Me ayuda a apaciguarme cuando me indigno, me alegra cuando me decae el ánimo, y a veces me ofrece modelos rítmicos que anhelaría reproducir cuando escribo.
 Durante esos cuatro meses en que no pude oírla, y precisamente por no poder, me venían unas ganas locas de oírlo todo, desde Bach, Beethoven y Schubert hasta Presley, Burnette y Checker. Desde Monteverdi y Bartók y Pergolesi hasta Waits y Lila Downs y Nina Simome y Knopfler y mi ídolo Dylan, cuyo Premio Nobel celebré merced a un amigo londinense, poeta y librero, que me escribió en su día con alivio:
 “Es un poco raro, pero al menos no lo ha ganado Atwood. De haber sido así, un colega mío y yo teníamos previsto arrojarnos al Támesis desde el puente de Hammer­smith, considerando que no valía la pena seguir viviendo en un mundo en el que esa autora fuera Nobel”.
 Así que Dylan salvó de la muerte a alguien a quien mucho aprecio, algo más en favor suyo.
 Pero, por no poder poner música, se me antojaban en aluvión las mayores rarezas, que pocas veces escucho: un CD con veintisiete versiones de “High Noon”, la canción de Solo ante el peligro, incluidas una pomposa en alemán y dos ratoneras en danés. 
Uno con otras tantas de “La Paloma”; los calipsos que cantó con mucha gracia el actor Robert Mitchum; la narración, en la extraordinaria voz de su director Charles Laughton, de La noche del cazador, junto con fragmentos de su banda sonora.
 Canciones sicilianas nostálgico-siniestras, música irlandesa en la admirable voz de Tommy Makem. 

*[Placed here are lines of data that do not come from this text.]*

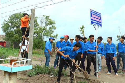 | Lực lượng đoàn viên, thanh niên tham gia xây dựng công trình thắp sáng đường quê ở ấp Bà Hính, xã Quách Phẩm. |
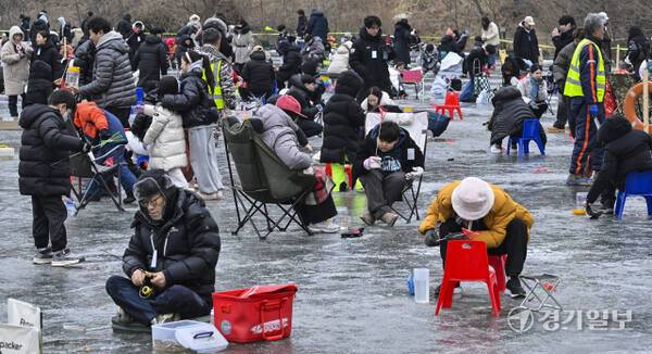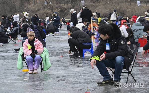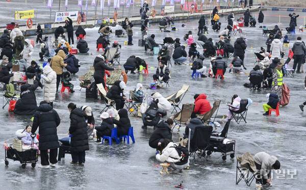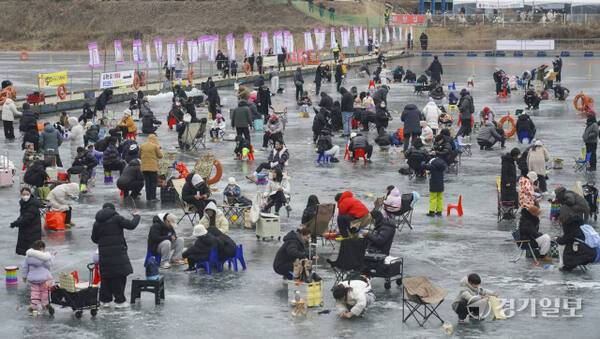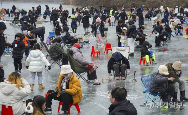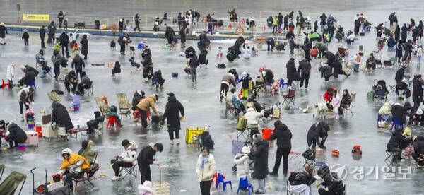 18일 안성시 죽산면 광혜원저수지 일대에서 열린 '웰컴투 동막골 안성빙어축제'에서 행사장을 찾은 관광객들이 삼삼오오 모여 빙어 낚시를 즐기고 있다.
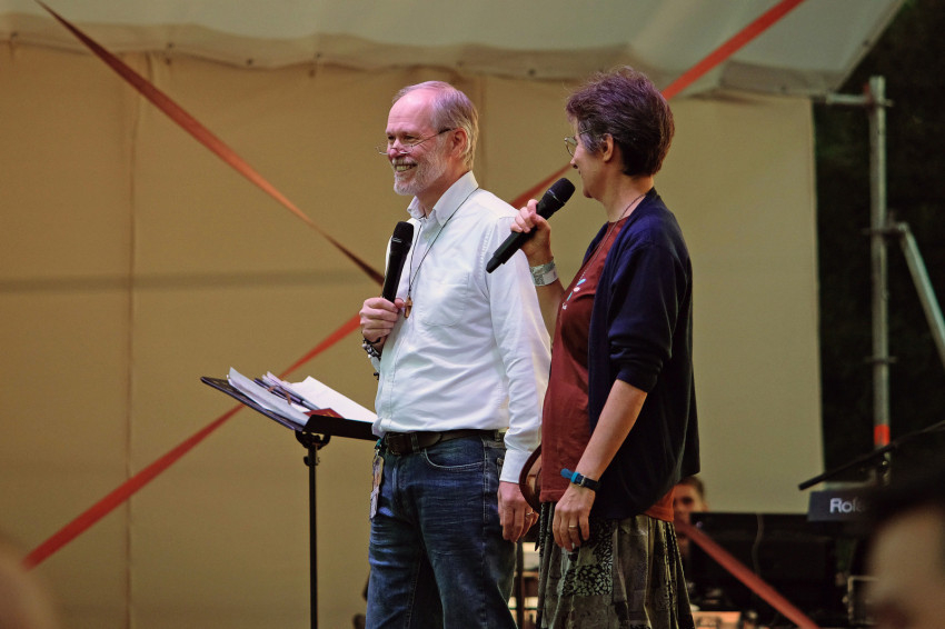 A Családok Jézusban Közösség képviseletében a Gorove házaspár is a Meghallgatlak sátorban várja beszélgetésre a járókelőket. „Figyelem az embereket, ha észreveszem valakin az érdeklődést, a bizonytalanságot, megszólítom” – mondja Krisztina. „Van, aki konkrét problémával jön, van, aki imát kér, van, aki csak beszélgetni akar, elmondani, ami a szívét nyomja. Lehetne ebből rendszert csinálni, hogy többször kijövünk a templomokból. Fontos lenne mutatni az embereknek, hogy mit csinálunk, hogy tudunk énekelni, és nemcsak a gregorián, nemcsak old fashion van” – fejti ki Krisztina.
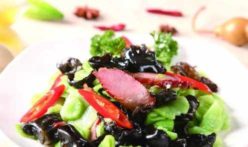 食材:青笋500克、木耳150克、生薑15克、紅椒20克、鹽1茶匙、澱粉1茶匙、糖0.5茶匙、油適量
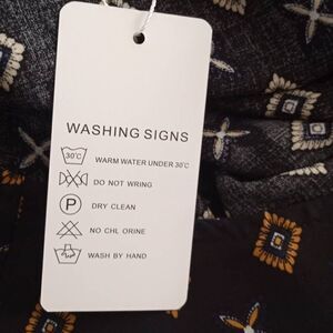 Step out in style with this elegant long sleeve dress featuring a captivating black and red pattern. Ideal for any occasion.
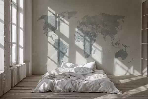 Zidne murale Karta svijeta s uzorkom, plave nijanse br. w03954v2
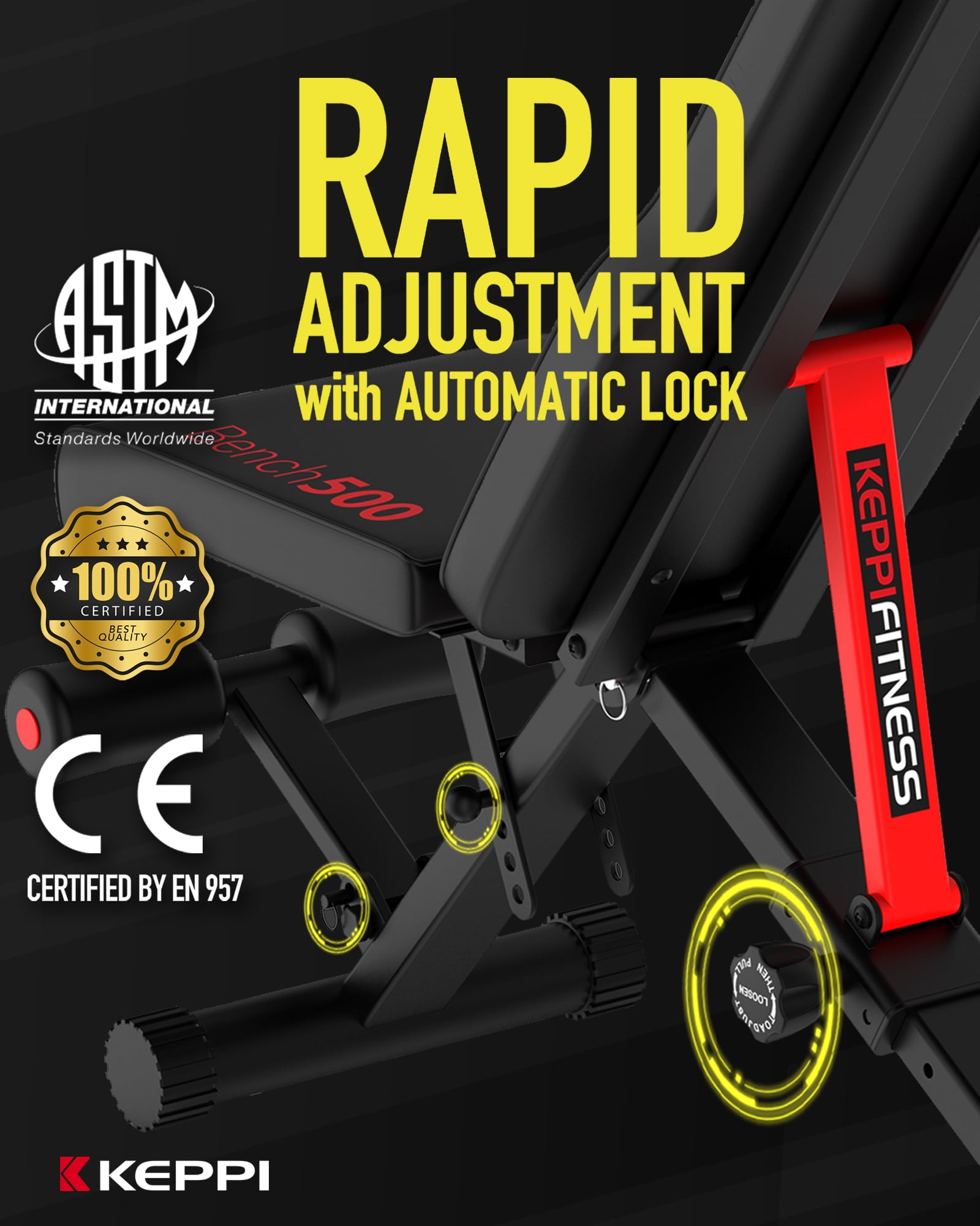 Keppi Adjustable Weight Bench for Full Body Strength Training, 900LB Foldable Workout Bench Press for Home Gym

El breve “Carillon des morts” de Corrette. El CD de Telemann que de hecho oía cuando tuvo lugar la avería, interpretado por mi sobrino Alejandro Marías (violonchelo) y mi hermano Álvaro (flauta), entre otros… No han sido los únicos músicos de mi familia.
 Mi tío Odón Alonso fue director de orquesta
 Mi tío Enrique Franco fue crítico en la radio y en EL PAÍS hasta su muerte.
 La música, supongo, ha estado presente en mi vida desde siempre, quizá por eso la echo tanto en falta. Al cabo de unas semanas de abstinencia, me di cuenta de que silbaba y tarareaba mucho más de lo que suelo: si está uno privado de melodías, las reproduce como puede. 
Y entonces caí en que esas dos actividades, silbar y tararear, eran frecuentísimas en mi infancia y adolescencia, mientras que ahora están casi desaparecidas. 

Uno oía silbar a los hombres por la calle (todos se conocían la propia “Solo ante el peligro”, por ejemplo, y “El puente sobre el río Kwai”, entre otras muchas), y canturrear a las mujeres mientras se arreglaban o atendían sus quehaceres.
 Tal vez por eso los españoles sabían entonar y no desafinaban en exceso, a diferencia de lo que hoy ocurre. 
No había música por doquier (a menudo indeseada y atronadora, como la que invade las calles desde las tiendas), y no se creía, como creen los famosos concursantes, que cantar bien consiste en vocear a pleno pulmón y con espantosas “rúbricas”. 
No solemos acordarnos de que a lo largo de la historia la humanidad sólo oía música cuando alguien —rara vez— se la tocaba, o cuando ella la reproducía con sus voces y sus silbidos. Hasta que uno la pierde, no repara en nuestra inmensa suerte de haber nacido en esta época, en la que uno elige qué y cuándo, y milagrosamente lo oye.